Moving toward the front of the car, we have the mid-pipe. The sheer variety of aftermarket mid-pipes is a tad overwhelming, but they all serve the same purpose: replace the restrictive factory h-pipe with a more efficient design that’s meant for real power gains. Everything from that point on gets complicated, but we’ll try to break down some of the basics without causing aneurysms or nervous breakdowns. There are two basic mid-pipe designs, the x-pipe and h-pipe. Each are shaped like their respective letters of the alphabet and x-pipes generally will improve performance the most, while h-pipes create more sound with approximately the same tones as first and second generation Mustangs. Both x-pipes and h-pipes can be catted or off-road, meaning they either come with aftermarket catalytic converters or completely delete the converters for massive power gains at the expense of not being street legal in some areas.

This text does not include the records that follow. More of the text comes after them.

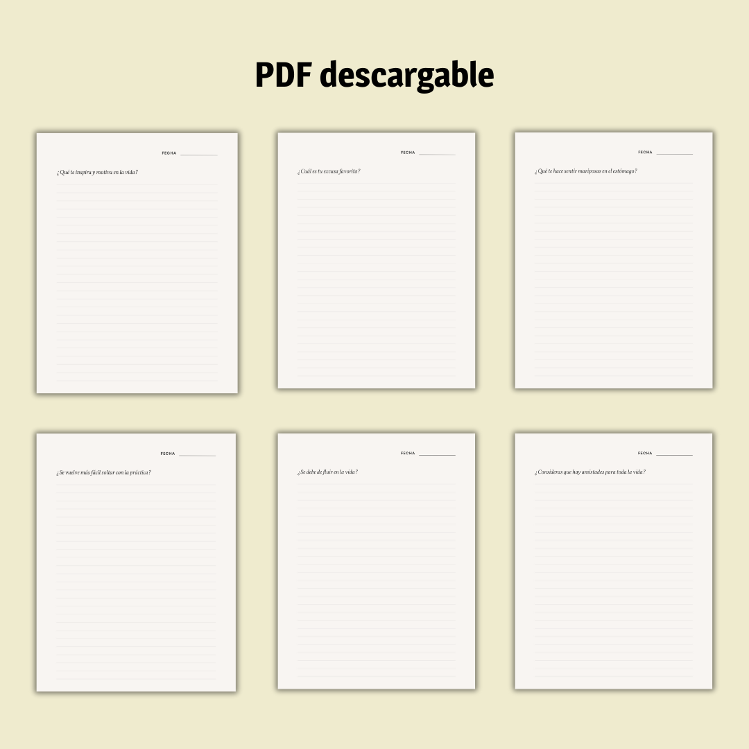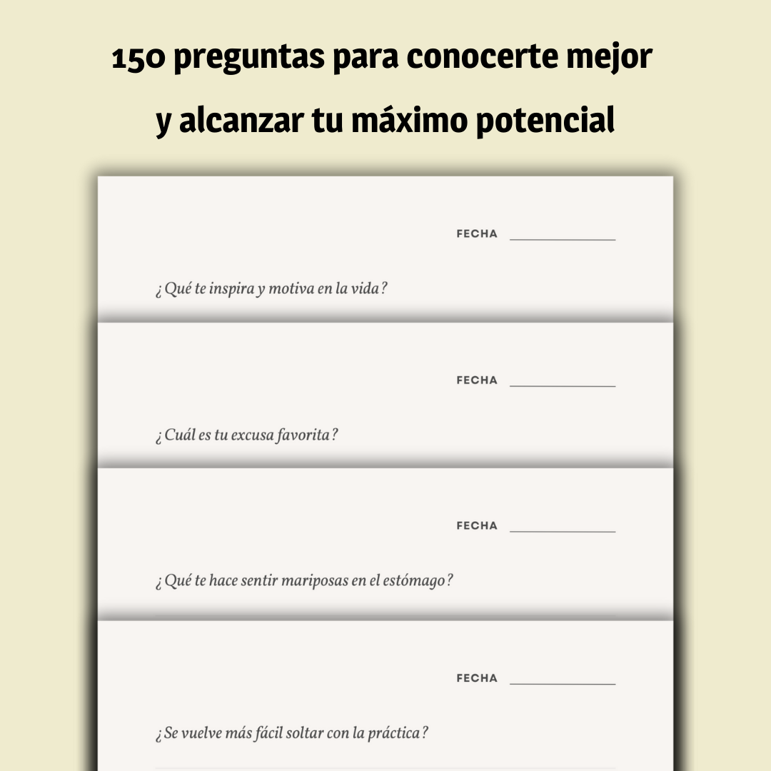 1 PDF descargable con 150 preguntas de autorreflexión. Imprime y empieza a escribir.
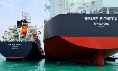 为开展首航,该船在新加坡加注了绿色甲醇,由Mitsu...
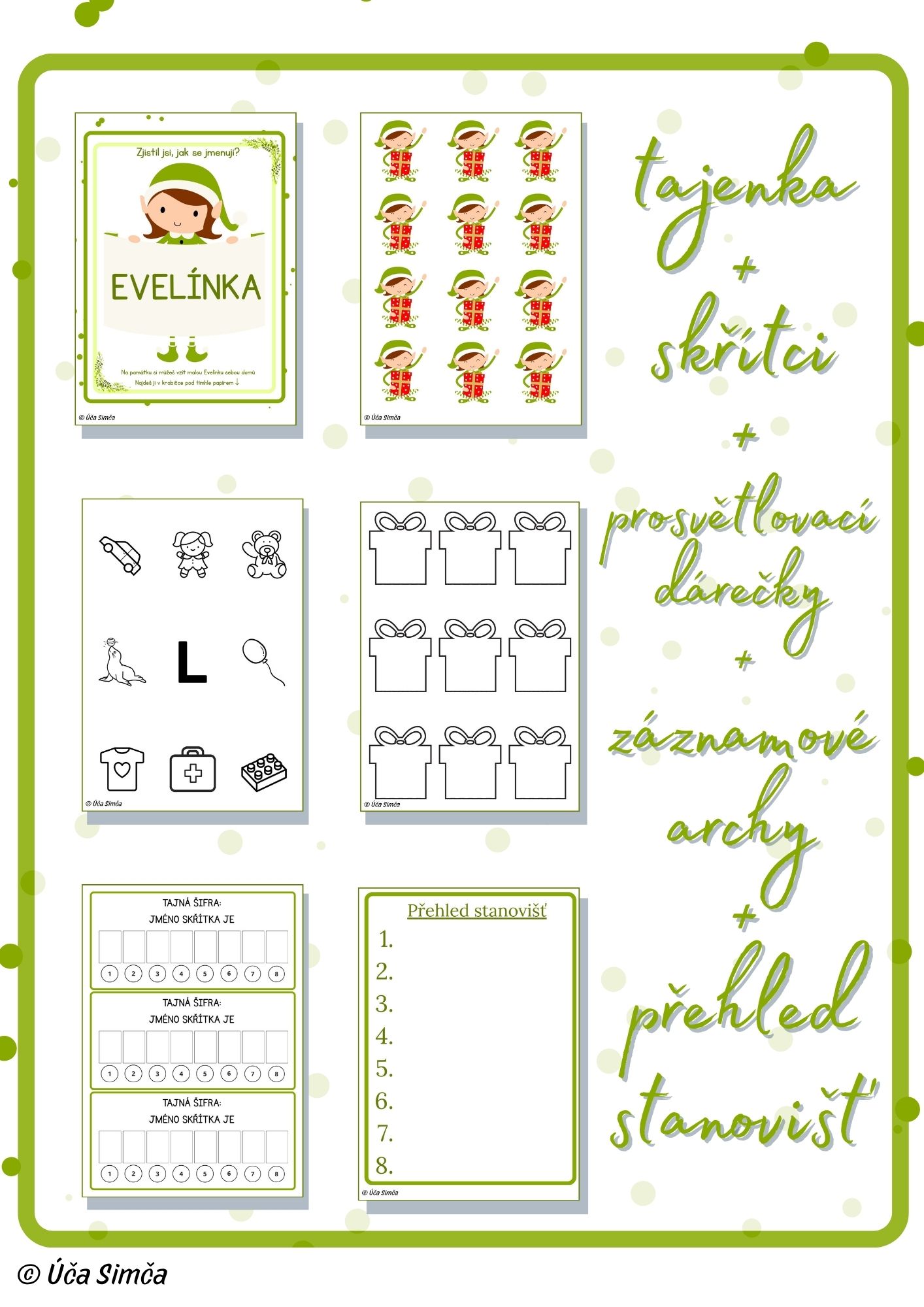 - skřítci (zalaminovaní), které si děti vezmou domů z krabičky na posledním stanovišti,
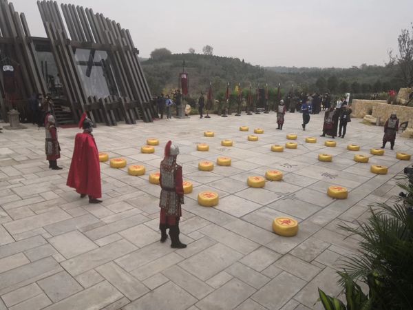 上午9点,荥阳鸿沟,秋意渐浓。各方嘉宾竹简签名后,步入活动现场。在紧张激烈,精彩优美的“兵临城下”节目表演结束后,第二届楚河汉界世界棋王赛大幕徐徐拉开。开幕式在鸿沟之畔、邙山之巅举行,“城寨”一样的对弈亭质朴、浑厚而又充满神秘气质,如鹰翼般跨越鸿沟之上。

Even catted x-pipes are not legal for street use in California or other states that have adopted CARB-like regulations. For keeping your Mustang 50-state legal, we have a few different clamp-on pipes that weld in just aft of your factory catalytic converters while still giving improved exhaust performance and sound. Mid-pipes are also available in two size configurations on top of all their other options: long mid-pipes, like this catted x-pipe from Pypes, are designed to fit the stock exhaust manifold or shorty headers; short mid-pipes, like this Pypes off-road x-pipe, are specifically built for use with long tube headers. Though some mid-pipe and long tube headers can be swapped and intermixed, the folks at Stage 3 strongly recommend using headers and shorty mid-pipes made by the same brand to avoid confusion and possible fitment issues during installation.

We’re finally out from underneath the car and into the engine compartment which leaves us with yet ANOTHER choice between shorty and long tube headers. Long tube headers derive their name from their elongated design that features tubing that stretches all the way to the underside of the Mustang and deliver huge performance gains, with some long tube systems generating up to 40 extra horsepower. The two major drawbacks to long tubes are their high cost (some are upwards of $1000) and that they are not legal for street use in some areas due to emissions regulations.

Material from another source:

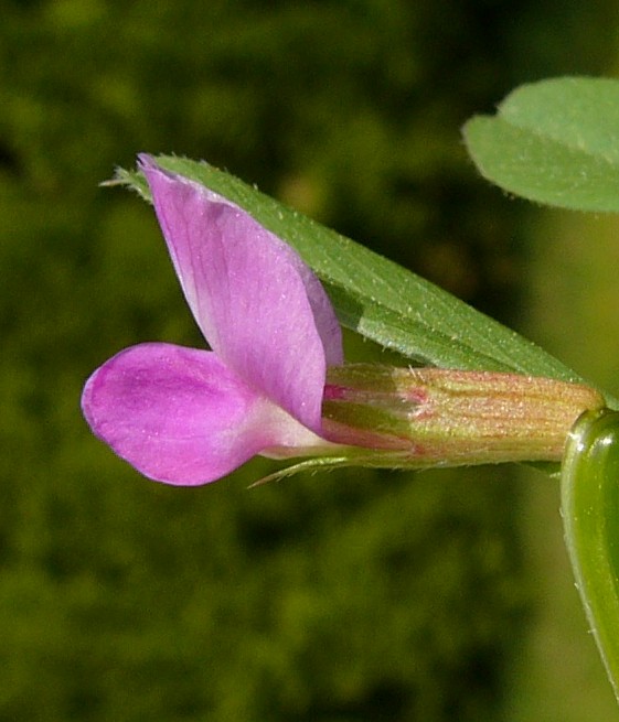 | Blättchen linealisch 2 - 3 mm breit bei voll aufgeblühte Blüten steht die Fahne meist im 90°- Winkel ab Vorderseite und Rückseite der Fahne gleichfarbig rosa > 3
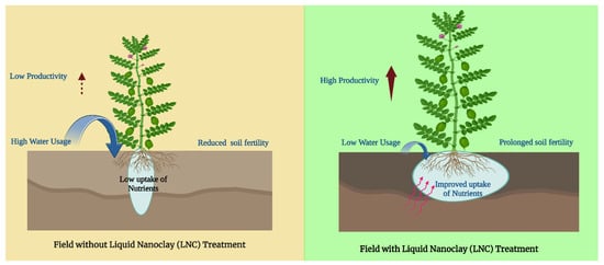 Nanoclays are extensively employed as nanocarriers for fertilizers, boasting a diverse array of materials available in both anionic and cationic variations. Anionic clays or hydrotalcite-like compound, alternatively known as layered double hydroxides (LDH), possess a distinctive capacity for exchanging anions. This property makes them exceptionally well-suited for facilitating the transport of phosphate, borate, and nitrate ions [110,111]. The addition of liquid nanoclay to sand soil offers a range of benefits that contribute to improved soil quality, increased plant productivity, and environmental sustainability (Figure 5). The illustration describes how the improved soil structure with liquid nanoclay (LNC) can lead to improved soil stability, nutrient and water retention, reduced erosion, increased soil fertility, improved seed germination, and increased environmental sustainability. It binds to nutrients, limiting their loss, and increases water retention, lowering the need for regular watering. In coastal locations and high-rainfall zones, LNC also lessens soil erosion, improving soil cohesiveness. It also increases the rates at which seeds germinate by giving the soil a sturdy structure and retaining moisture around the seeds. LNC is widely accessible and simple to use due to its affordability. Additionally, it prolongs the times during which plants develop, increasing their resistance to climate change in their surroundings [71].

Shorty headers, on the other hand, are 50-state street legal and far less expensive than their larger cousins. These headers simply replace the stock exhaust manifold with more efficient tubing that leads into your stock or stock-length aftermarket mid-pipes. That being said, horsepower gains are considerably lower with the best shorties showing maybe a 15 horsepower gain on a good day with the stars aligned just right. The shorty versus long tube argument is basically one of compromise between raw power, cost and legality.

Ford’s Mustang was born and bred to roar, and despite some of the current rules and regulations that have popped up over the years, there’s still plenty of room to customize, improve and optimize your Mustang’s exhaust system into something with a unique sound and unmatched performance on either the track or street. Stage 3 Motorsports can provide you with every exhaust component that you need, whether you’re trying to make your Mustang sound like an old school muscle car or turn it into an 11 second dragster or road racing monstrosity. The amount of options is a lot to look at all at once, but breaking down each exhaust component into your personal need, application and local emissions regulations will allow to arrive at the perfect setup for your car. Emission standards and environmental regulations are constantly changing, but there will always be a way or two give your Mustang a classic sound while still obeying the EPA and CARB. Just keep in mind that your neighbors may appreciate you less.